### Exercise input:
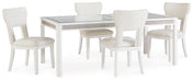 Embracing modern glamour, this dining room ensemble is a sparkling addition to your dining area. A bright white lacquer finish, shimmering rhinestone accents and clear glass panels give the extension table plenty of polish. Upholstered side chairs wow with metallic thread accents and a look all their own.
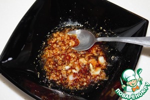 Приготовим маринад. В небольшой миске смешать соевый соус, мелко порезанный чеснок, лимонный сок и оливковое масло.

...

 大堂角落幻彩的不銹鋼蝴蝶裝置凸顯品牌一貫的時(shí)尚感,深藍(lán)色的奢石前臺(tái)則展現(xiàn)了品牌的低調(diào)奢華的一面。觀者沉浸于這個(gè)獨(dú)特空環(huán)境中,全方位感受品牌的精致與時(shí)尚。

...

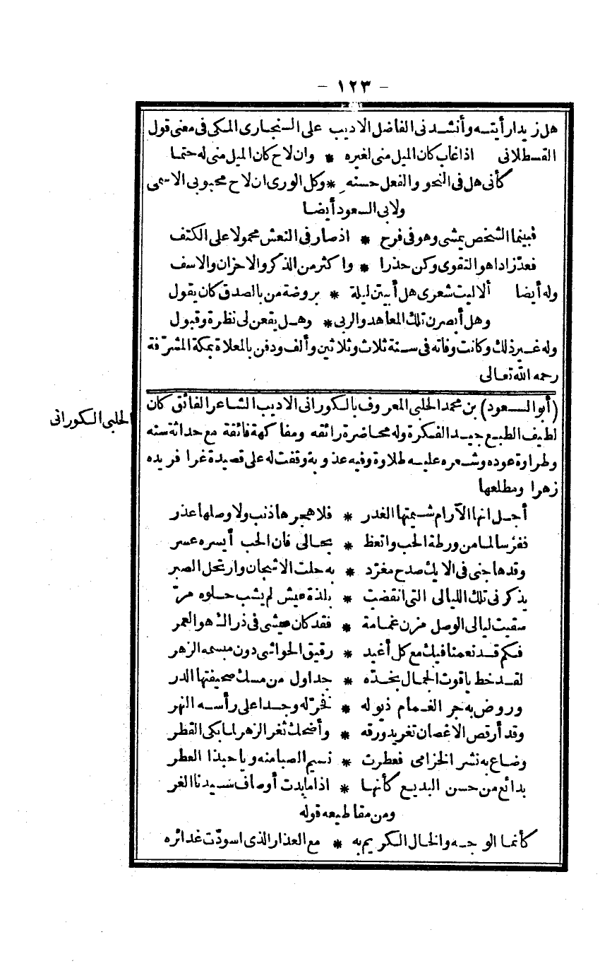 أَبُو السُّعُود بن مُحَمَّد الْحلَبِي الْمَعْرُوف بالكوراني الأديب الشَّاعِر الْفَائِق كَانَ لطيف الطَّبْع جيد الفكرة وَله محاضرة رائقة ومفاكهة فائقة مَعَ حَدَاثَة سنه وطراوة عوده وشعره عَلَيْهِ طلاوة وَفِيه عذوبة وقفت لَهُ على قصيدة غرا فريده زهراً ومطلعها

### Try it:
Skipping the pictures, print the lines in the listing above exactly as written, starting at the line with "Embracing modern glamour, this" and ending at the line with "Приготовим маринад. В", both included.

### Response to this exercise:
 Embracing modern glamour, this dining room ensemble is a sparkling addition to your dining area. A bright white lacquer finish, shimmering rhinestone accents and clear glass panels give the extension table plenty of polish. Upholstered side chairs wow with metallic thread accents and a look all their own.
 Приготовим маринад. В небольшой миске смешать соевый соус, мелко порезанный чеснок, лимонный сок и оливковое масло.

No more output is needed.